Share via


In which I try to write a tokenizer, and fail...

I reread something by Steve Yegge, which I think was his NBL thing. Anyway, he said something to the effect of 'writing a programming language will make you a better programmer'. And I thought 'Really? Well, why not. Practicing any sort of programming probably helps, but if you're also doing that kind of introspection maybe it helps more.'

Anyway. Thought process continues and eventually I spent my evening writing a tokenizer. A buggy one. By the time I went to bed my brain was too fried to see the bugs in my code.

Tonight I was still having trouble seeing the bugs in my code, until I compared the input with the output more closely.

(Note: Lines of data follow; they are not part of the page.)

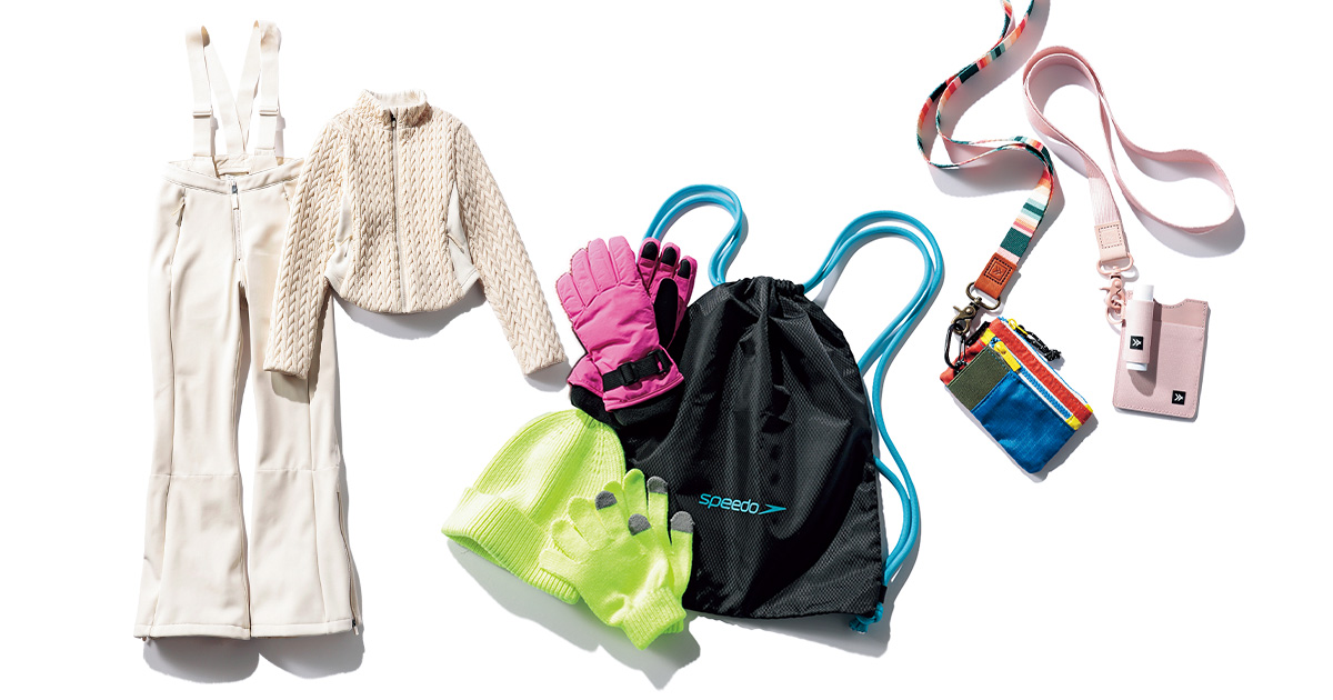 スノージャケット¥268,400スノーパンツ¥154,000(ともにマッカージュ╱ジェイプラスインターナショナル)ボアベスト[通気性]¥41,800(ウールリッチ アウトドア レーベル╱ウールリッチ アウトドア レーベル 代官山店)カットソー[メリノ150]¥16,500(アイスブレーカー╱ゴールドウイン カスタマーサービスセンター)ニットキャップ¥14,300(ウールリッチ╱ウールリッチ 二子玉川店)ゴーグル¥68,200(クロエ╱ケリング アイウエア ジャパン カスタマーサービス)グローブ[900FP+]¥5,940(タイオン)ピアス[撥水]¥2,499(H&M Move╱H&M カスタマーサービス)ボトルサコッシュ¥11,550ストラップ¥5,170(ともにトポロジー╱トポロジー フラッグシップ ショップ)スノーブーツ¥34,100(ハンター╱ハンタージャパン カスタマーサービス)
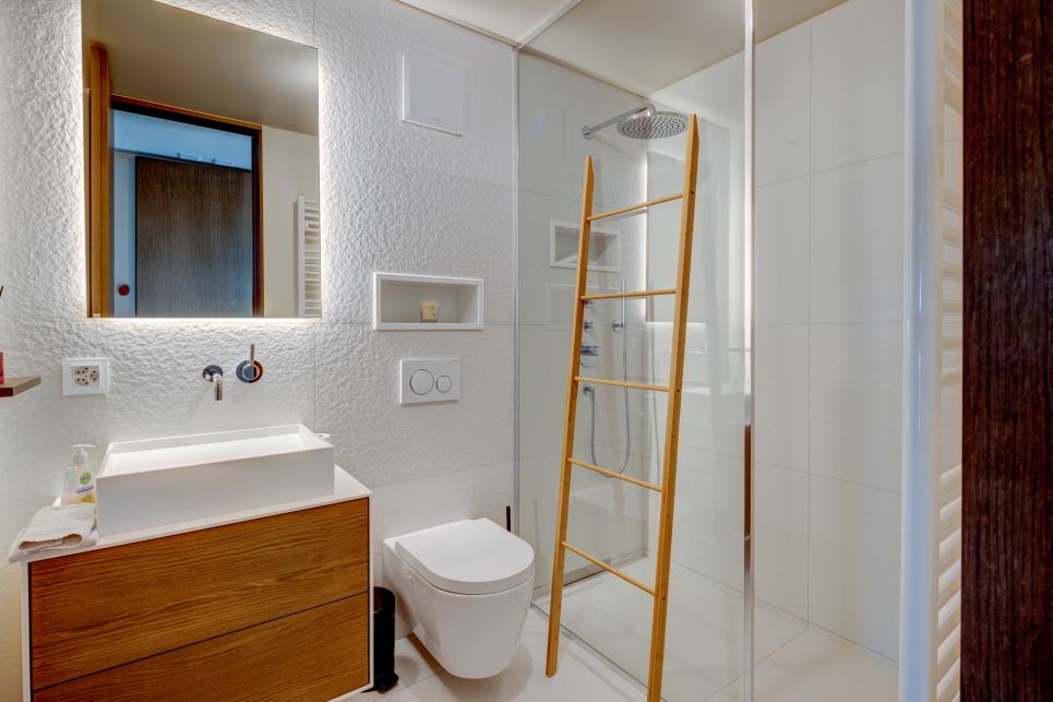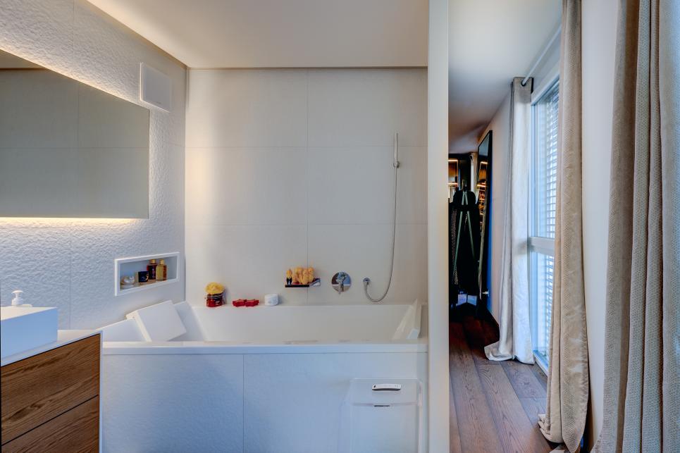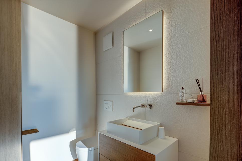 L'attique propose également un bureau discret, une buanderie pratique, ainsi qu'un espace nuit composé d'une suite parentale avec dressing sur mesure et salle de bain élégante, ainsi qu'une chambre d'amis disposant de sa propre salle d'eau.
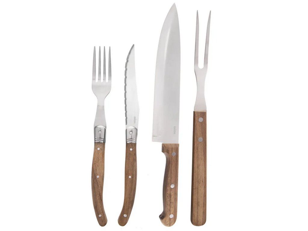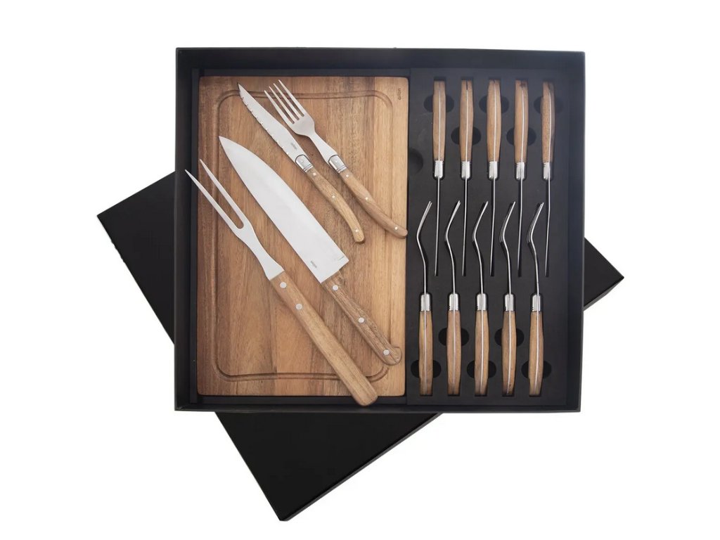 Dárkový set steakových nožů, které doplňuje prkénko z akáciového dřeva a servírovací příbor, potěší každého gurmána. Nože s rukojetí z akácie mají nerezové zubaté ostří, takže si hravě poradí se steaky.
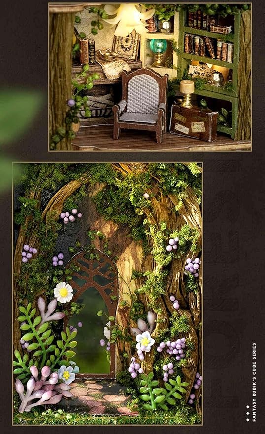 moin moin ドールハウス ミニチュア 手作りキット セット 【 英語説明書 】 手のひらサイズの 街 ショップ 店 レトロ タウン 並べて 街並み パカッと開く ジャングル ワンダーランド ツリーハウス 森 花 街 町 パリ ヨーロッパ 本型 カット済 紙パーツ | LEDライト (ジャングルワンダーランド) 2503dh450
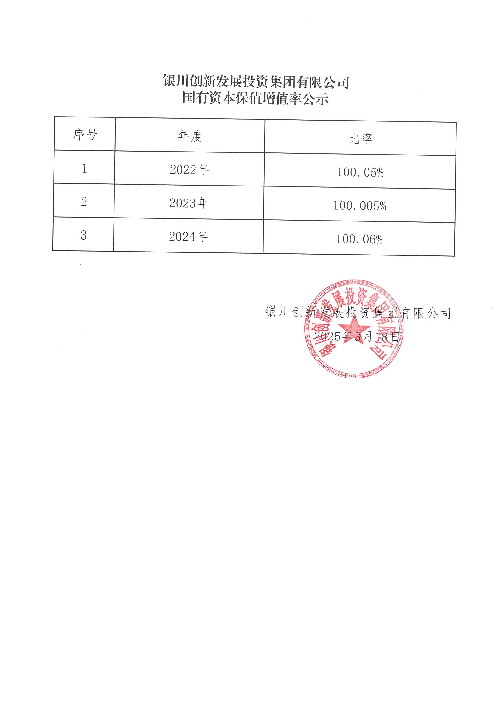 銀川創(chuàng)新發(fā)展投資集團(tuán)有限公司國有資本保值增值率公示

And this lead me to find that the bugs were the kind of bugs that probably happen to people writing tokenizers all the time (at least people who don't get much practice) .

They are
1) Consuming too many chars of input when building the token. This goes unnoticed when the next char is meant to be ignored anyway, like spaces. But it suddenly becomes very noticeable when you are missing an expected '(' token.
2) Not outputting the final token, because that's the end of the input stream!

Now I've identified my bugs, it's time to think about why they happened, and what to do better instead.

Why bug 1?

I decided that I would write my tokenizer as an implicit state machine, where the states are the execution flow through the code, i.e. Program Counter. Which is just a fancy way of saying lots of if/switch statements and while loops, with nesting as deep as my tokens are complicated, which luckily isn't very. Now that, in itself is not the cause of the bug. The cause of the bug is that the logic in the while loops has to be exactly right, i.e. peek at characters as you go along, then consume them if matched, instead of pull characters, then try to match them and (bug) forget them otherwise.

So you have to do
while (peekc().isAlphaNumeric) { token.append(nextC()); }

not
while (c.isAlphaNumeric() && (c = nextC())) { token.append(C); }

Of course once you've discovered the right pattern, you might as well codify it somehow as a helper function, so you don't keep forgetting and screwing it up.

Why bug 2?

I decided nextC() would throw at end of input, and I would catch it higher up. This would have maybe worked, if I had finally clause that would return the token being constructed....

It may just be the case that exceptions are just a really silly way of handling end of input. Still thinking about this one.